Deux dernières commandes s'exécutent sans rien créer, donc instantanément. molecule syntax contrôle la syntaxe des playbooks et molecule matrix affiche la liste des étapes qu'une commande donnée déclencherait, ce qui répond une bonne fois à la question de savoir ce que molecule test fait exactement.

Fenêtre de terminal
molecule syntax
molecule matrix test

Vous avez maintenant un scénario qui fabrique une instance, y joue un rôle et vérifie l'idempotence. La suite consiste à écrire les tests avant le code du rôle, méthode détaillée dans Le cycle TDD complet, qui construit un rôle users en trois cycles successifs sur cette base.

Ces messages arrivent presque toujours, dans cet ordre, et aucun n'est un défaut de votre travail.
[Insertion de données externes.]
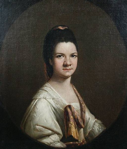 | A bust portait of a woman with dark hair wearing a white dress, in a painted oval | |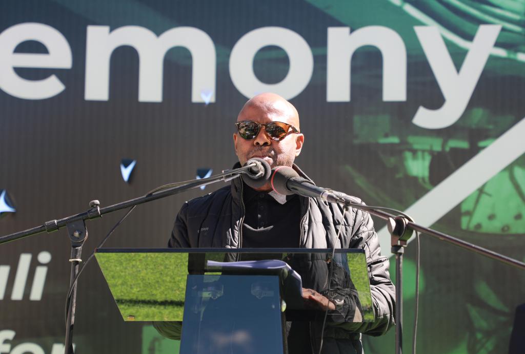 4月20日,在莱索托东部莫霍特隆,莱索托自然资源大臣莫洛米·莫莱科在“大禹·雪盾号”始发掘进仪式上讲话。新华社发(何箬楠摄)
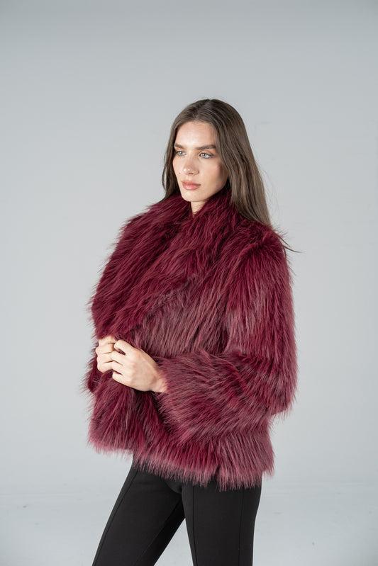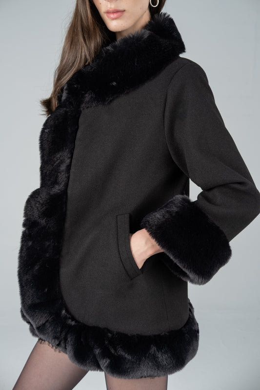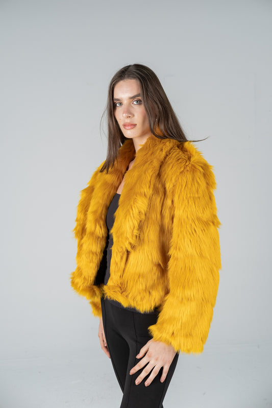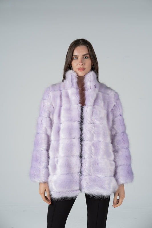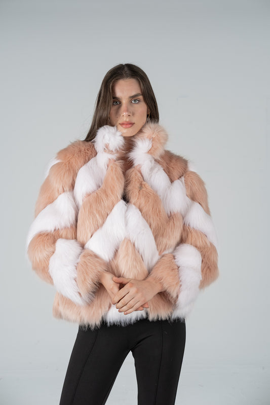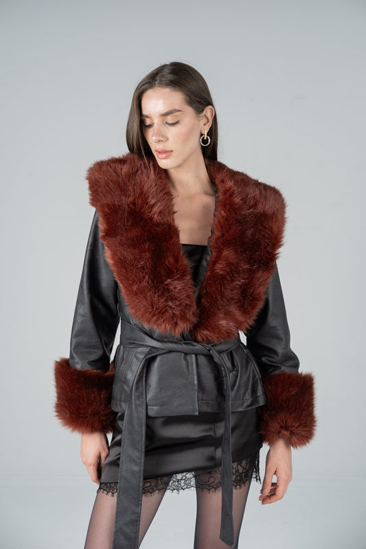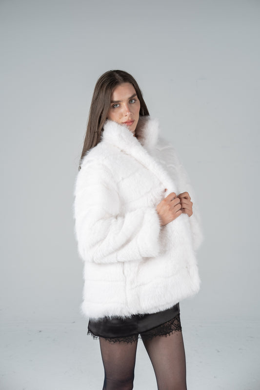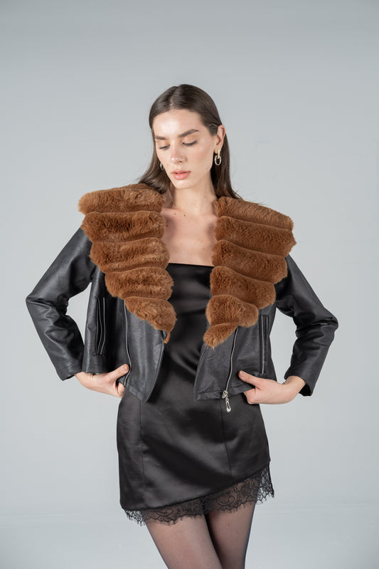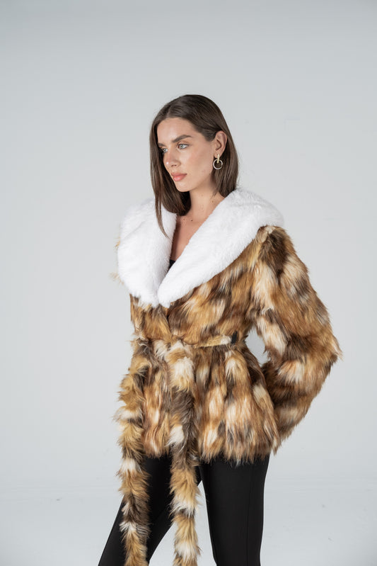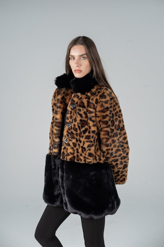 ANIMAL PRINT FUR JACKET WITH WHITE COLLAR

Les reconnaître fait gagner beaucoup de temps.

Le premier survient avant même que Molecule ne démarre, si votre rôle vient d'être créé par ansible-galaxy role init :

InvalidPrerequisiteError: Computed fully qualified role name of monrole does not
follow current galaxy requirements.

Molecule exige un nom pleinement qualifié, que le squelette généré ne fournit pas. Deux lignes dans meta/main.yml règlent la question :

galaxy_info:
role_name: monrole
namespace: demo

Le deuxième frappe au converge, et c'est celui que le roles_path de la section précédente corrige :

[ERROR]: the role 'monrole' was not found in .../molecule/default/roles:
/home/bob/.ansible/roles:/usr/share/ansible/roles

Le chemin de recherche affiché ne contient pas le répertoire de votre rôle. Ansible ne cherche jamais ailleurs, d'où l'échec immédiat.

Le troisième est un simple avertissement de fin d'exécution, et beaucoup le prennent à tort pour une erreur :

WARNING Molecule executed 1 scenario (1 missing files)
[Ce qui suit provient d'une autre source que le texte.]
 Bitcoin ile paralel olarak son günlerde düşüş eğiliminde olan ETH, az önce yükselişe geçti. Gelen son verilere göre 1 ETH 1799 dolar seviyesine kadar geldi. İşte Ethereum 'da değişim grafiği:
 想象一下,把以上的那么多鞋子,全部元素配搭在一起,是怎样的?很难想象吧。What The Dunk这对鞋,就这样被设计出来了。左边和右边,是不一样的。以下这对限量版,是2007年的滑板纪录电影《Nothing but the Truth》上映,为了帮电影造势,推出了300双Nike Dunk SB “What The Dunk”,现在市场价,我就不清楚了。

Le molecule.yml référence des playbooks facultatifs comme prepare.yml, cleanup.yml ou side_effect.yml que init ne génère pas. Leur absence n'empêche rien, les étapes correspondantes sont sautées. Créez-les si vous en avez besoin, ignorez l'avertissement sinon.

Un scénario généré passe au vert sans avoir rien testé : ce lab part de ce constat pour le combler. Vous y ajoutez un prepare.yml et un requirements.yml, personnalisez les instances par host_vars, déclarez une test_sequence qui inclut l'étape d'idempotence, et activez profile_tasks pour voir où part le temps. La correction relit le scénario produit et refuse un molecule.yml resté au squelette d'origine.

SymptômeCauseSolution
molecule test réussit mais rien n'a tournéLes squelettes create.yml et destroy.yml sont toujours làLes supprimer et déclarer driver: plus platforms:
the role 'monrole' was not foundLe rôle parent n'est pas dans le chemin de rechercheAjouter roles_path: ${MOLECULE_PROJECT_DIRECTORY}/..
yournamespace.yourcollection.yourrole was not foundLe converge.yml généré cite un rôle fictifY mettre le nom réel de votre rôle
Computed fully qualified role name au démarragemeta/main.yml sans namespace ni role_nameAjouter les deux clés
1 missing files en fin d'exécutionPlaybooks facultatifs non générésSans conséquence, ou créer les fichiers concernés
Aucun plugin listé par molecule --versionL'injection dans l'environnement pipx a échouéRejouer pipx inject molecule "molecule-plugins[podman]"
  • molecule init scenario dépose cinq fichiers, dont create.yml et destroy.yml qui sont des squelettes non fonctionnels.
  • Un scénario neuf réussit sans rien tester, avec un code de retour nul et un PLAY RECAP à ok=0.
  • Supprimer les squelettes locaux est ce qui laisse le driver Podman fournir ses propres playbooks de création.
  • roles_path: ${MOLECULE_PROJECT_DIRECTORY}/.. rend votre rôle visible depuis le scénario.
  • molecule test détruit tout à la fin : préférez create, converge et verify séparément pendant le développement.
  • L'étape idempotence rejoue le converge et échoue si quelque chose change au second passage.